66. The public is understandably concerned about the testing of new technologies, particularly any 'driverless' technology. However, there are real advantages in making the UK the place where the global automotive industry tests and develops such technologies. We welcome the trials of driverless cars announced in December 2014 and the leadership shown by Innovate UK on ensuring the UK is well positioned to seize the commercial opportunities created by new automotive technologies. Showcasing the technology will be an important part of building public confidence. Public confidence will depend on knowing that these technologies can be deployed safely on real roads and with all the unpredictability of real traffic flows.

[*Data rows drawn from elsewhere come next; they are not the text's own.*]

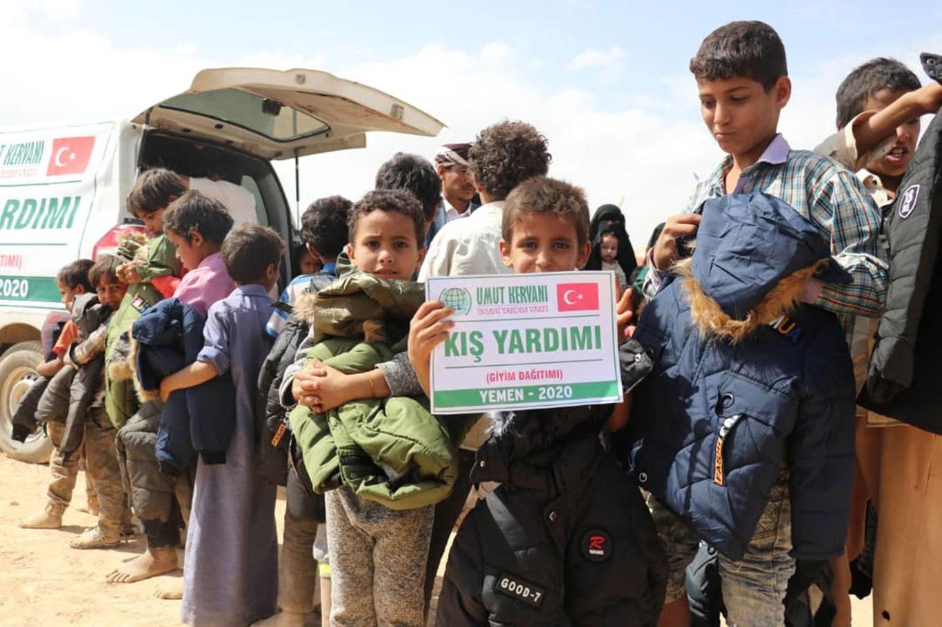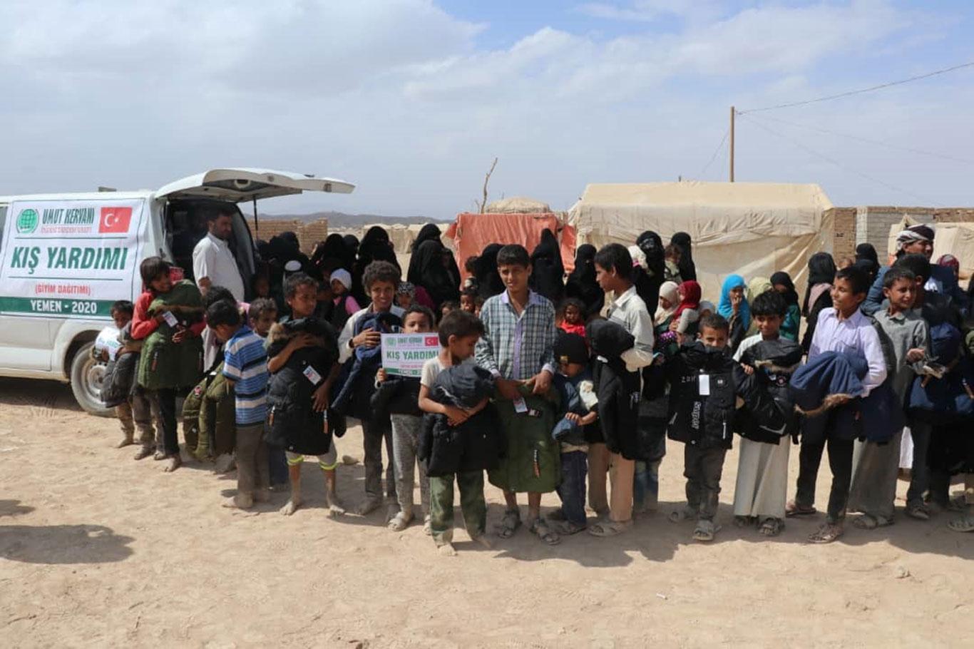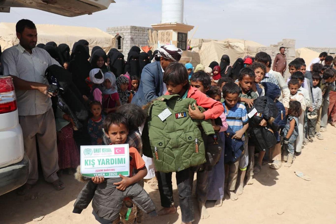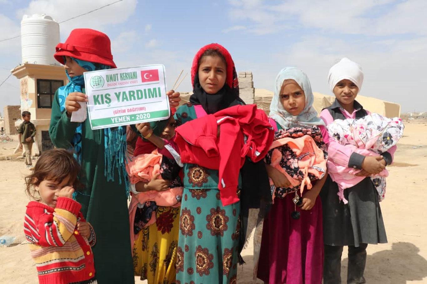 Umut Kervanı Vakfı Yemen'de muhtaçlara kışlık giyim yardımında bulundu
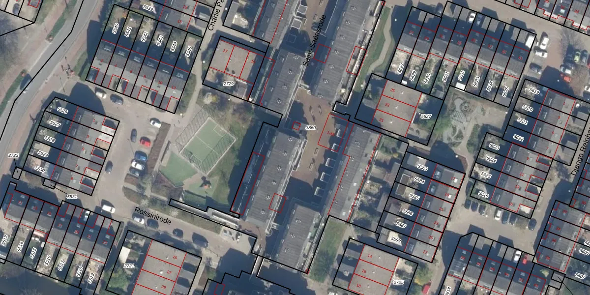 Saint-Saƫnsrode 1 is gelegen op kadastraal perceel ZTM00C3860. Deze kadastrale aanduiding is uniek en wordt gebruikt door het Kadaster om eigendomsrechten en andere zakelijke rechten vast te leggen. Het perceel maakt onderdeel uit van de kadastrale gemeente Zoetermeer.
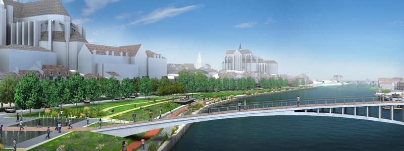 C’est celui qui prévoit « du stationnement sur les deux rives, une circulation automobile en sens unique (du pont Paul-Bert au pont de la Tournelle), une voie cycliste et piétonne de chaque côté en bord de rivière, un miroir-d’eau fontaine au débouché de la rue Sous-murs, des terrasses permettant des animations, un passage piéton restauré sous les ponts Jean-Moreau et de la Tournelle, des aménagements paysagers au square Roscoff, la construction d’un kiosque… ».

67. We are concerned that Innovate UK's inevitable focus on identifying commercial opportunities might lead to the trials not testing issues such as safety and how autonomous vehicles might be incorporated in UK traffic flows. We are confident that the DfT and Minister understand that concern. In launching the report, The pathway to driverless cars, the Minister stated that "there's no point in a driverless car that can navigate cones in a car park without navigating our busy streets".[126] We welcome the approach set out by the DfT in The pathway to driverless cars and look forward to seeing the proposed code of conduct.

Driver training

68. Driver training must reflect new automotive technology. Gerry Keaney, BVRLA, told us that

    the technology is way ahead of the training. What you have to do to pass a driving test today probably does not include the use of adaptive cruise control, autonomous braking devices or the various radar appliances in the car itself … If you use autonomous braking in the wrong way it can be very dangerous. If you use it in the right way it is an absolutely fantastic feature.[127]

The Minister told us that "changes are now being trialled in the new driving test proposals, for example, to try to focus much more on practical skills and take out things like reversing around a corner, which is not perhaps the most realistic thing that people do."[128]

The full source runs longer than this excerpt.